Analysis of variance (ANOVA) is a technique that is used to examine the differences among the means for two or more populations. In analysis of variance (ANOVA), the null hypothesis is always assumed as the fact that there is no significant difference in the means of the populations being examined.
Statistics Solutions is the country's leader in analysis of variance and statistical consulting. Contact Statistics Solutions today for a free 30-minute consultation.
Analysis of variance (ANOVA) should always have an interval or a ratio scaled dependent variable and one or more categorical independent variables. In analysis of variance (ANOVA), the categorical independent variables are generally called factors. A particular combination of factor levels or categories is often designated as treatments in analysis of variance (ANOVA).
An analysis of variance (ANOVA) technique consists of only one categorical independent variable. This single factor is used in a technique that is called one way analysis of variance (ANOVA). On the other hand, if an analysis of variance (ANOVA) technique consists of two or more than two categorical independent variables or factors, then that technique is called n way analysis of variance (ANOVA). Here, the term ‘n’ denotes the number of factors in analysis of variance (ANOVA).
Thus, there are two techniques of analysis of variance (ANOVA). The technique called one way analysis of variance (ANOVA) can be used to understand the variation in the brand evaluation exposed to different types of commercials. One way analysis of variance (ANOVA) can also be used to understand the difference of attitudes among the retailers, wholesalers and agents towards the distribution policy of a particular firm.
So, in general, the technique of one way analysis of variance (ANOVA) is a useful technique to test the similarity of means at one time by usage of their respective variances.

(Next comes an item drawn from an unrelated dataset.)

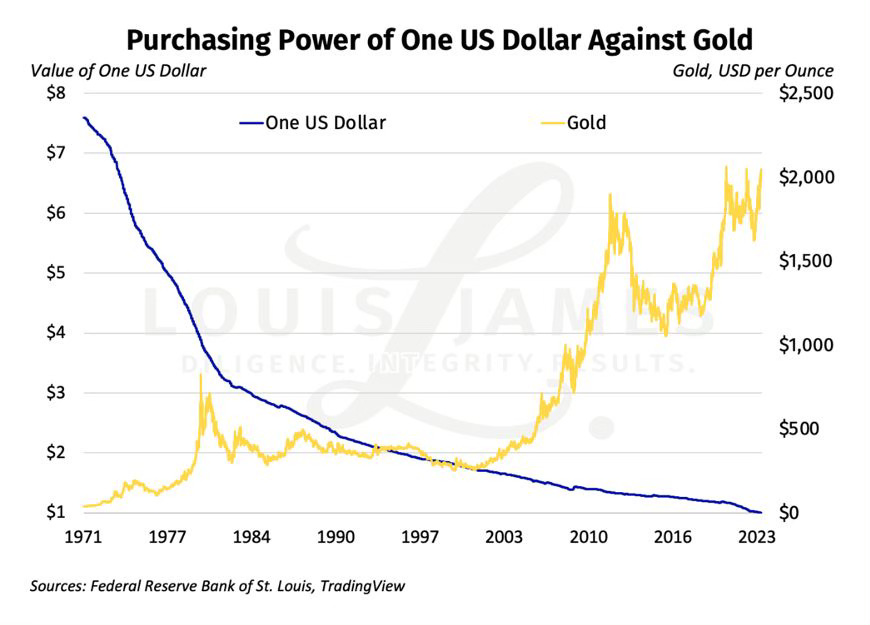 But before we get to the second chart, let's start with the first one. I found this particularly interesting. It compares the purchasing power of a dollar, versus gold, since 1971. The chart isn't labelled very well, but the story is interesting.

It is for this reason that analysis of variance (ANOVA) has its name.
The F test statistic used in analysis of variance (ANOVA) is nothing but the ratio of the sample variances. This test in analysis of variance (ANOVA) is basically done to test the statistical significance of the variability of the components. In other words, we can say that this test is a measure of variance that is used in analysis of variance (ANOVA).

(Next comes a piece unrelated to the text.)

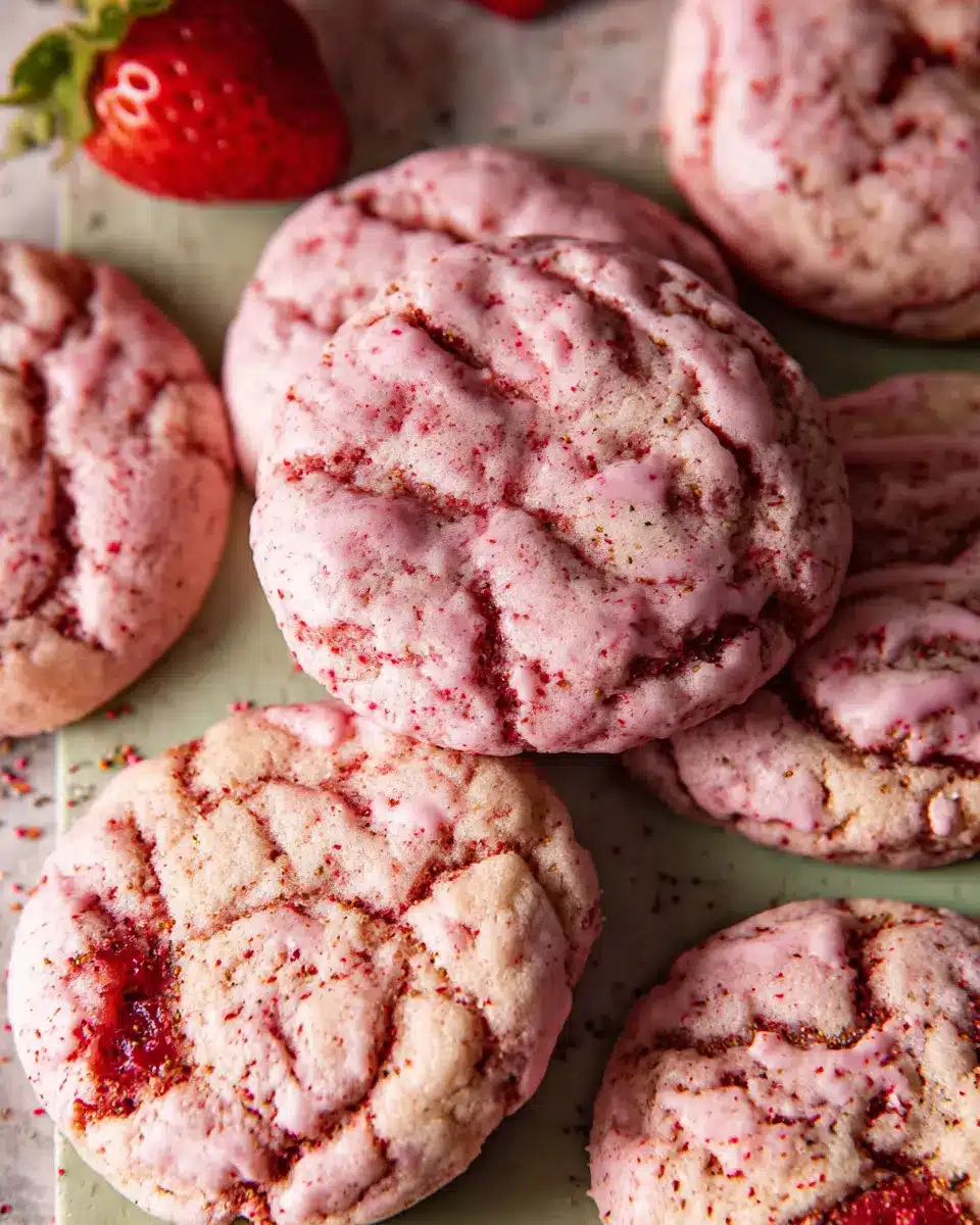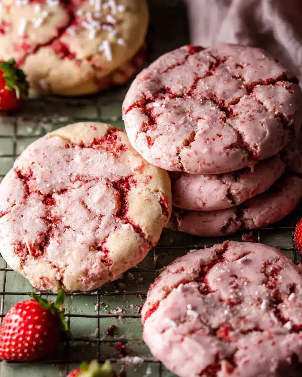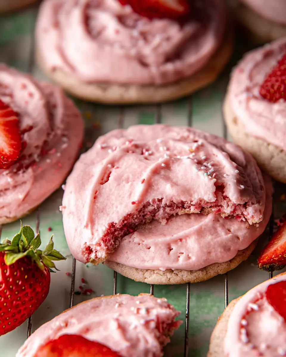 For special occasions, arrange the cookies on a decorative platter, drizzling with extra strawberry icing for a pop of color. This makes them a show-stopping dessert at parties or picnics!

The n-way of analysis of variance (ANOVA) can be used in understanding the variation in the consumer’s intentions to buy a particular brand of product with respect to different levels of price and different levels of distribution. In the field of psychology, the n-way of analysis of variance (ANOVA) can be used in understanding the affect of the consumption of a particular brand in terms of the educational level of a person and the age of that person. This technique of analysis of variance (ANOVA) also helps in understanding the interaction in the levels of advertisement and the price level of the brand.
There are major assumptions that the researcher must follow while conducting analysis of variance (ANOVA). In analysis of variance (ANOVA), the sample drawn from the population must be independent of each other. The sample drawn from the population is assumed to be a normal population in analysis of variance (ANOVA). The variances in analysis of variance (ANOVA) should always be homogeneous in nature.

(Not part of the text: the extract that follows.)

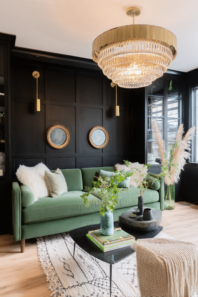 In this luxuriously moody living room, a classic, tailored green velvet sofa pops against a sophisticated matte black paneled wall, lit by a magnificent tiered brass and crystal chandelier. The green of the sofa takes on an almost teal-like richness under the warm lighting, creating an atmosphere of exclusivity and high-end glamour. The brass accents on the chandelier and wall sconces provide a gorgeous metallic contrast to the dark backdrop, infusing the space with a deco-inspired flair. This is a room that feels sumptuously dramatic and intimately cozy, perfect for quiet evenings with a decadent flair.

The following are the steps involved in conducting analysis of variance (ANOVA):
The first and foremost step in analysis of variance (ANOVA) is to identify the dependent and the independent variables. The next step is to disintegrate the total variation in analysis of variance (ANOVA). The third step involves the measurement of the effects while conducting analysis of variance (ANOVA). The fourth step is to test the significance in the analysis of variance (ANOVA). And the last step is to interpret the results obtained after the analysis of variance (ANOVA).